A Victorian general practitioner has been reprimanded, had his registration suspended for three months and had conditions placed on his registration for failing to safely prescribe scheduled medications and failing to maintain professional boundaries with a patient.

The Medical Board of Australia (the Board) referred general practitioner Dr Phuc Nhan Pham to the Victorian Civil and Administrative Tribunal (the tribunal) for professional misconduct and providing substandard care to his patient (Mr P).

Mr P attended consultations with Dr Pham 21 times between May 2019 and March 2020. Dr Pham prescribed both Schedule 4 and Schedule 8 medications during these consultations, which are restricted medicines due to their potential for patient harm.

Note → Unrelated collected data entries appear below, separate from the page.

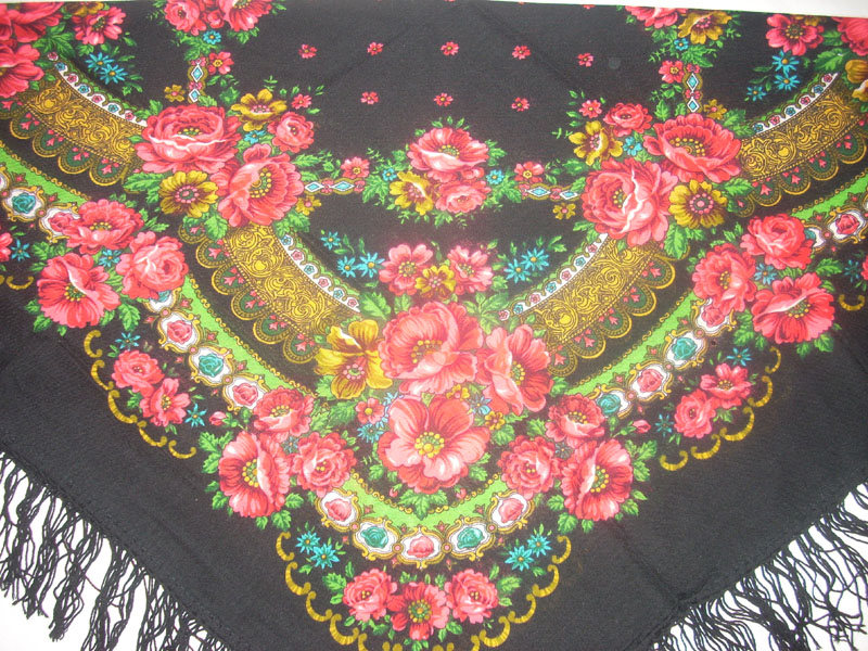 Хочу показать наконец полученный платочек. Можно сказать он очень традиционный, только розочки (маки т.е.) не розовые, а алые. Красивого алого цвета.
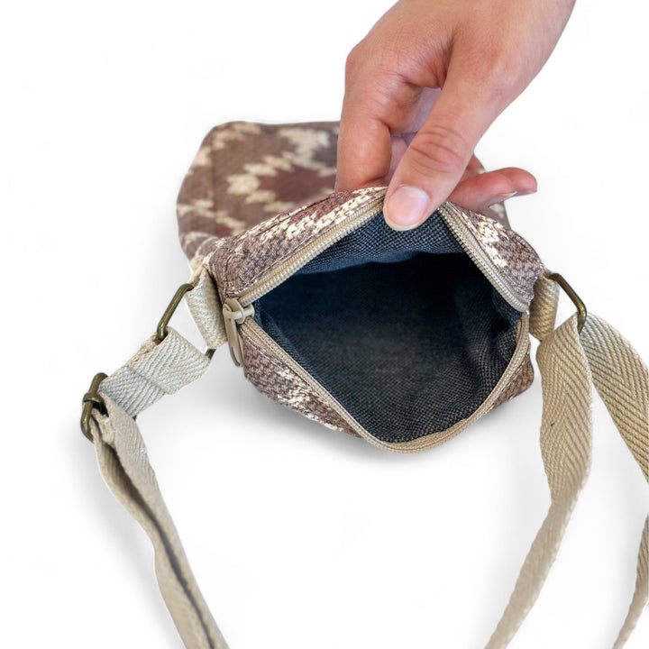 Bolso porta móvil para llevar tipo bandolera, con cremallera en la parte superior y asa larga ajustable de cinta de espiga de algodón de color beige. Bolsillo sin cremallera en la parte exterior. Con tejido fino con estampado geométrico en tonos granate, marrón y beige. Forrado de tejido grueso de color gris en la parte interior. Para su correcto mantenimiento se aconseja lavarlo en frío a mano y no utilizar secadora.
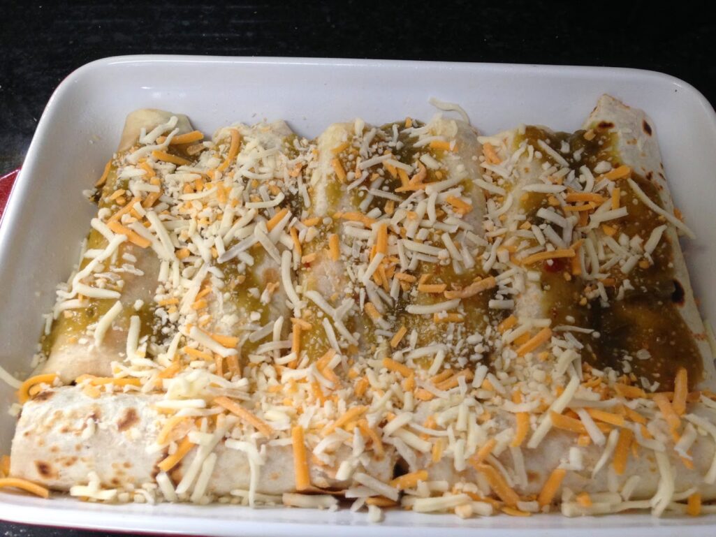 Pour the remaining salsa verde sauce over the enchiladas and cover with remaining 1/2 cup cheese.
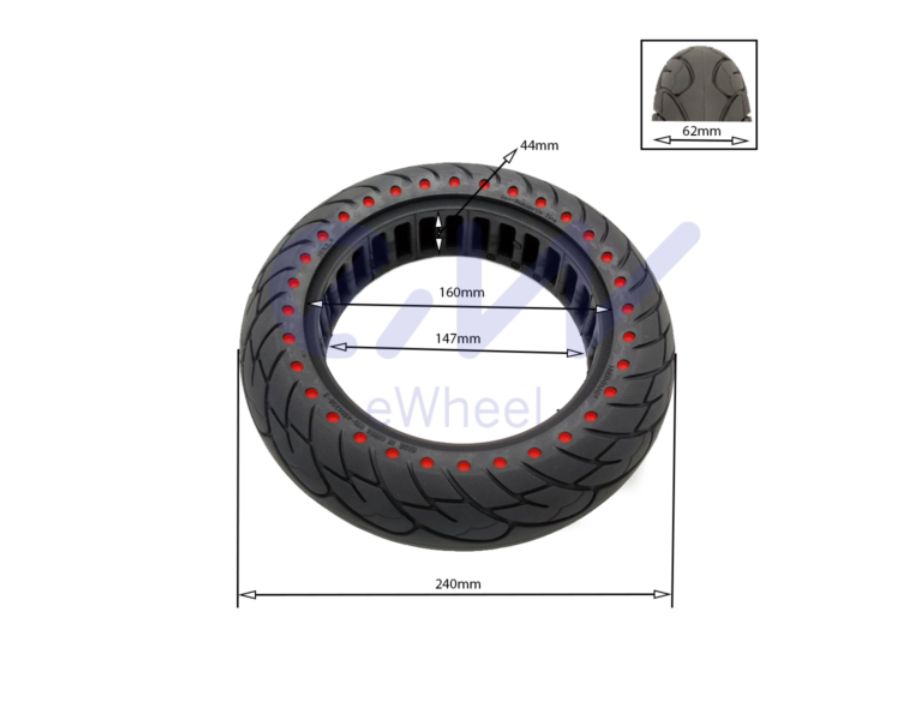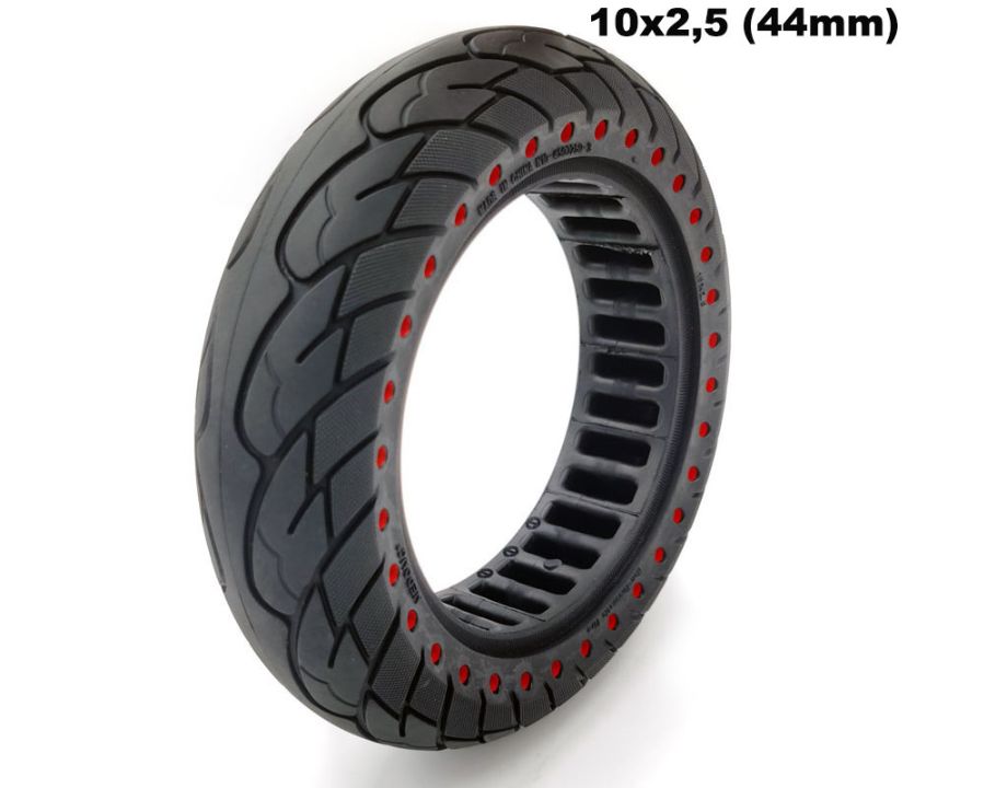 Rueda maciza ultraligera con dimensiones 10×2.5 y puntos rojos embellecedores.
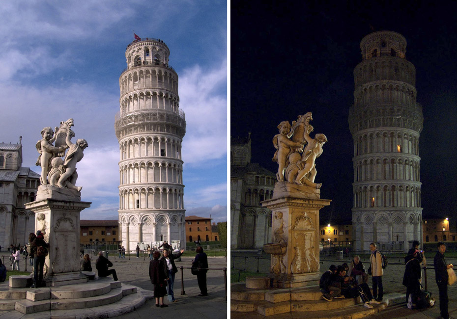 由世界自然基金會發(fā)起的“地球一小時”環(huán);顒27日20點30分按照時區(qū)依次在全球數(shù)千個城市展開。圖為意大利比薩斜塔在熄燈前和熄燈后的景色。
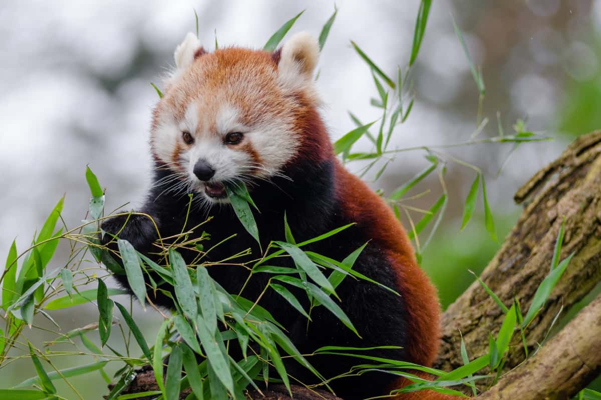 Ich kann nur sagen: ich bin eindeutig ein Raubtier. Aber mein Gebiss ist auch dafür gebaut, Pflanzen zu fressen. Für die Futtersuche brauche ich ungefähr den Abend und die halbe Nacht. Am liebsten mag ich Bambussprößlinge! In Nepal nennt man mich daher auch “Nigalya ponya”, den Bambusesser. Gelegentlich schmecken mir auch Wurzeln, Beeren, Samen und Nüsse. Und selten auch Vogeleier oder Mäuse.
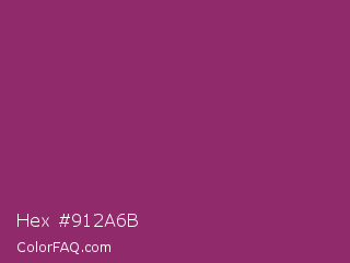Hex #912a6b Color is a normal magenta color and the nearest color is Amaranth Deep Purple #9f2b68. Hex code #912a6b and RGB value is rgb(145,42,107). In RGB color space, this color is composed of 57% red, 16% green, 42% blue, In CMYK color space, this color is composed of 0% cyan, 71% magenta, 26% yellow , 43% black , In HSL color space, this color has a hue angle of 322° , 55% saturation and 37% lightness.
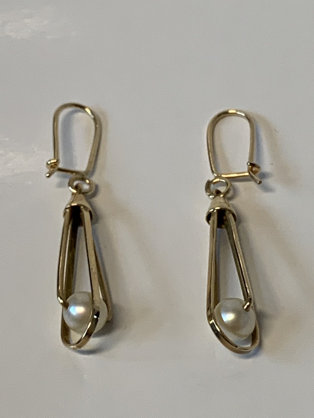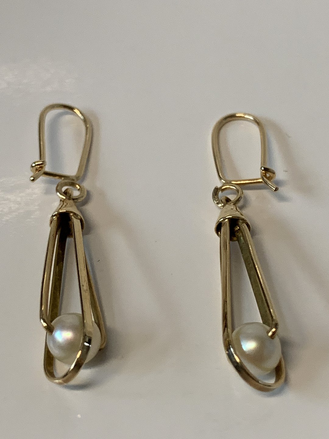 14 karat guld Øreringe med Perle.Længde 4,1 cm
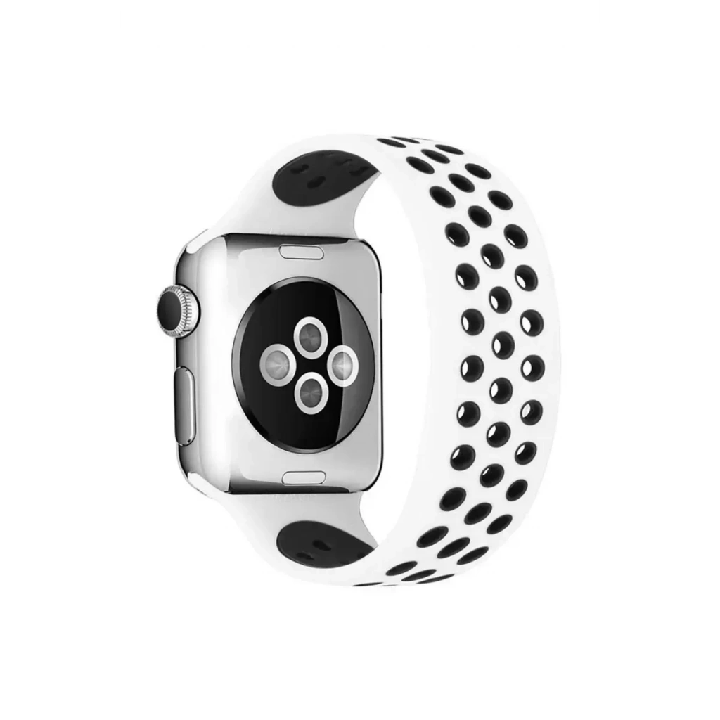 Apple Watch 38mm Ayarlı Delikli Silikon Kordon - Beyaz-Siyah
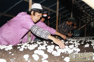 位于平桥镇塘下谢村的聚金绿色蔬菜种植园,员工们正忙着采收荷兰菇。荷兰菇从去年12月份开始上市以来,一直供不应求,主要销往新昌、嵊州、临海等地。
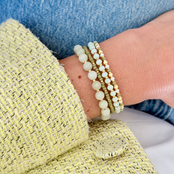De zomer is in zicht, tijd voor meer kleur in je armparty. Hoe leuk om de nieuwe trendkleuren groen, blauw, roze & paars toe te voegen aan je eigen armbandenset en te mixen met de tijdloze witte en beige armbanden.
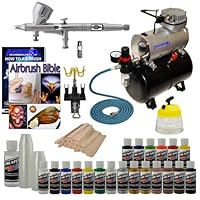 This kit really comes with everything you need to get started. Good selection of paint, quality hose and multiple connections, and a great airbrush. The airbrush cleaning container and holder come in handy for cleaning and storage. My only gripes come from the compressor that cuts off after 10 to 15 minutes of continuous use, and gets extremely hot. After doing some research, i've learned that this is an issue with all small compressors so if you plan on a ton of airbrushing I suggest you buy a compressor from a hardware store. My other complaint is of the lack of instructions for everything. Cleaning the airbrush requires a little more work that I hoped. If you don't clean it well, the needle will get stuck easily. Other than those minor issues, great set. Don't get frustrated if you don't immediately paint a masterpiece. Remember to start with dots, lines, and daggers. Then move onto shading. Practice and practice.Best Deals for COMPLETE MASTER AIRBRUSH KIT-Tank Air Compressor-Paint
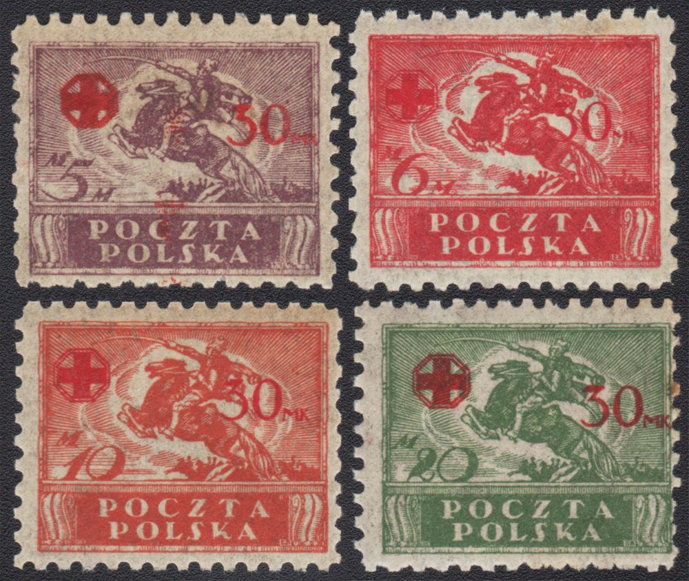 1921 wydanie z dopłatą na Polski Czerwony Krzyż, seria czysta z oryginalną gumą w dobrym stanie (Fi.600.-), ostatni znaczek gwarancja. | Fi.121-24a Mi.154-57 |
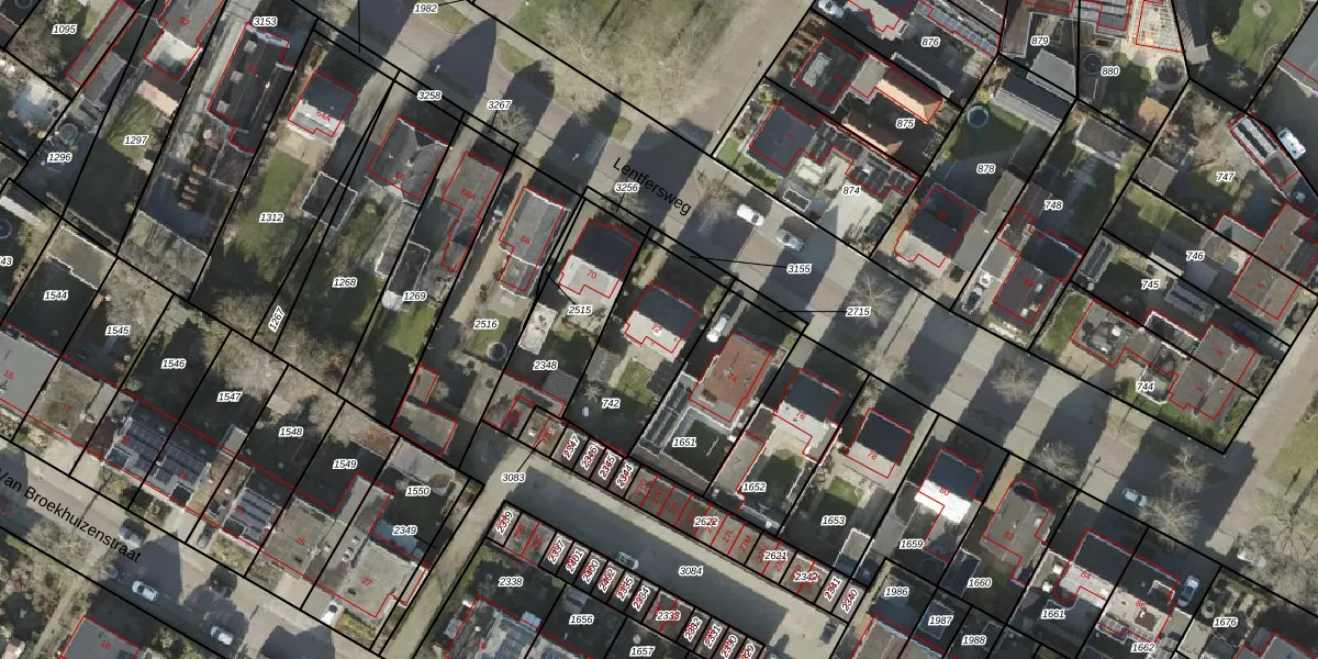 Gebruik de zoekbalk of klik op een perceel voor informatie over de adressen binnen dit perceel.
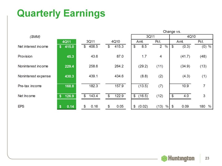 | Quarterly Performance Highlights 4Q11 3Q11 2Q11 1Q11 4Q10 EPS $0.14 $0.16 $0.16 $0.14 $0.05 Net interest margin 3.38% 3.34% 3.40% 3.42% 3.37% Efficiency ratio (1) 64.0% 63.5% 62.7% 64.7% 61.4% Return on average assets 0.92% 1.05% 1.11% 0.96% 0.90% Return on average tangible common equity 11.2% 13.0% 13.3% 12.7% 5.6% Loan and lease growth (2) 2% 8% 5% 3% 6% Core deposit growth (2) 14% 9% (2)% 3% 10% Net charge-off ratio (3) 0.85% 0.92% 1.01% 1.73% 1.82% 90-day delinquency ratio xld. US govt. guaranteed loans (4) 0.19% 0.16% 0.15% 0.19% 0.23% Nonaccrual loans ratio (4,5) 1.39% 1.45% 1.57% 1.66% 2.04% Nonperforming assets ratio (4,6) 1.51% 1.57% 1.67% 1.80% 2.21% Nonaccrual loans coverage ratio (4,7) 178% 180% 174% 178% 161% Tangible common equity ratio (4) 8.30% 8.22% 8.22% 7.81% 7.56% Tier 1 common risk-based capital ratio (4) 10.00% 10.17% 9.92% 9.75% 9.29% Tier 1 risk-based capital ratio (4) 12.11% 12.37% 12.14% 12.04% 11.55% Total risk-based capital ratio (4) 14.77% 15.11% 14.89% 14.85% 14.46% (1) Noninterest expense less amortization of intangibles / FTE net interest income + noninterest income excluding securities (losses) gainsLinked-quarter annualized average balance growth rateAnnualizedPeriod endNonaccrual loans / total loans and leasesNonperforming assets / (total loans and leases + impaired loans held for sale + net other real estate owned)Allowance for loan and lease losses / nonaccrual loans 22 |
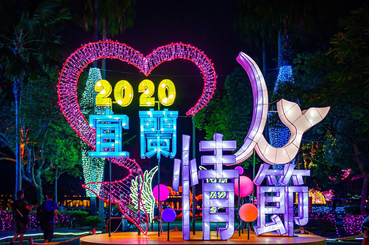▲▼蘭龍潭湖情人節燈飾全區,6日因風勢過大,暫停亮燈1天。(圖/翻攝自宜蘭縣長林姿妙臉書專頁,下同)
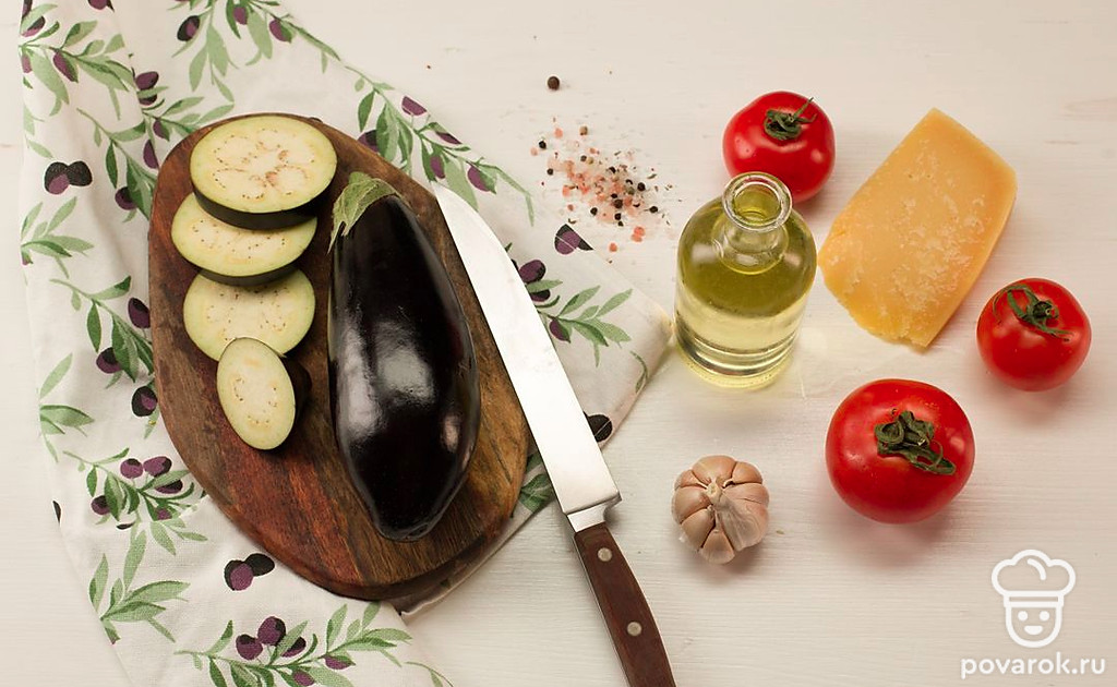 Баклажаны нарежьте кольцами и замочите на 20 минут в холодной воде с добавлением соли и сахара. Очистите чеснок, натрите пармезан на мелкой терке. Разогрейте духовку до 200°C. Подготовьте форму для запекания.
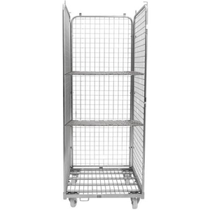 Rolcontainer staal, 3 zijden en 2 legborden - Draagvermogen 400 kg - Manutan Expert
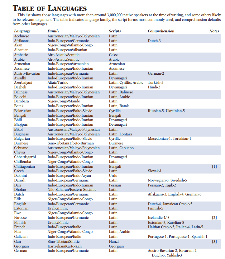 >>97554820I made a language tree for a campaign with >same language, word for word understanding >closely related language, general understanding>distantly related language, rough understanding, likely errors >no relation, no understanding that was fun for a fantasy renaissance european wars of religion vibe. The party could usually figure out close enough but sometimes there were gaps. It was clunkier than I wanted it to be at first and I sometimes forgot about it but I think it worked decently. Other games I don't bother. Depends on the vibes.
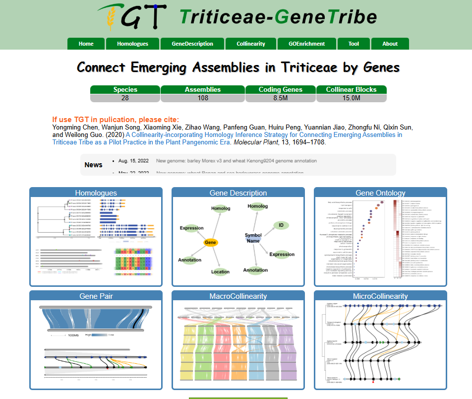 ☆?小麥族同源基因數(shù)據(jù)庫TriticeaeGeneTribe:利用小麥族物種中已發(fā)表的基因組,對不同參考基因組間同源基因鑒定,構(gòu)建了小麥族同源基因數(shù)據(jù)庫。同時(shí),數(shù)據(jù)庫具有基因功能查詢,GO富集分析,同源基因查詢,基因組區(qū)間共線性分析等功能。
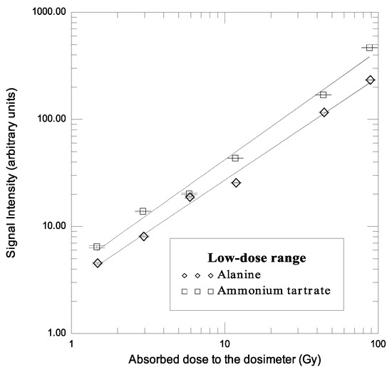 Figure 5 represents the responses of ammonium tartrate and alanine dosimeters to the same radiation doses in the range of (44–250) Gy, and both have been fitted linearly. From the figure, it is clear that ammonium tartrate is more sensitive than alanine by a factor (on average) of about 2.1. The responses to a low radiation dose range, (1.5–78) Gy, are represented and linearly fitted in Figure 6; the ammonium tartrate dosimeters were found to be more sensitive than the alanine by a factor of 1.84 on average.
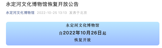 永定河文化博物馆自2022年10月26日起恢复开放,开放时间为每周二至周日9:00-16:00,星期一闭馆。

On eight of those occasions, Dr Pham failed to record any clinical notes relating to the consultations. On the other 13 occasions, he recorded minimal notes, which provided no clinical indication of the need for the prescription.

Dr Pham also failed to seek and obtain a permit required to prescribe a person with any Schedule 8 medication for longer that eight weeks, despite prescribing Mr P with Schedule 8 medications on seven occasions between October 2019 and March 2020. On each occasion, Dr Pham recorded that he had an ‘in-date’ permit to prescribe Schedule 8 medications to Mr P.

Dr Pham also failed to acknowledge, respect or take advice appropriately from nursing staff who raised concerns relating to errors in medication prescribing in his treatment of Mr P.

The nurse was particularly concerned about the prescribing due to Mr P’s history which included alcohol abuse, mental illness, chronic back pain and overdosing on medications.

When his nursing colleague made a notification to Ahpra regarding his conduct, Dr Pham failed to maintain professional boundaries with Mr P by discussing the notification and the care he provided to the patient.

Two days later, Mr P wrote a letter of support (addressed to Dr Pham) in which he said, among other things, that he had no complaints about Dr Pham and that he was upset about what Dr Pham had told him. On the same day Mr P wrote to Ahpra confirming that he had no complaints about Dr Pham and saying that he was very happy to be his patient.

At a hearing on 10 April 2024, the tribunal found Dr Pham’s actions amounted to professional misconduct.

‘[Dr Pham’s conduct] was substantially below the standard reasonably expected of a registered health practitioner of an equivalent level of training or experience,’ the tribunal stated.

‘[His] conduct exposed the patient to risk of harm. His conduct cannot be excused by his workload or the complexity of the law regarding Schedule 4 and Schedule 8 drugs.’

Dr Pham admitted the allegations, and has since completed education and a reflective practice report. Dr Pham said he accepted all his mistakes and that they have made him ‘really regretful and sad’.

On 29 April 2024, the tribunal ordered that Dr Pham:

  • be reprimanded,
  • have his registration suspended for a period of three months,
  • undertake and successfully complete a Board-approved program of education on maintaining professional boundaries and communicating effectively and respectfully with other medical and healthcare professionals,
  • attend mentoring, and
  • undertake periodic audits of his practice.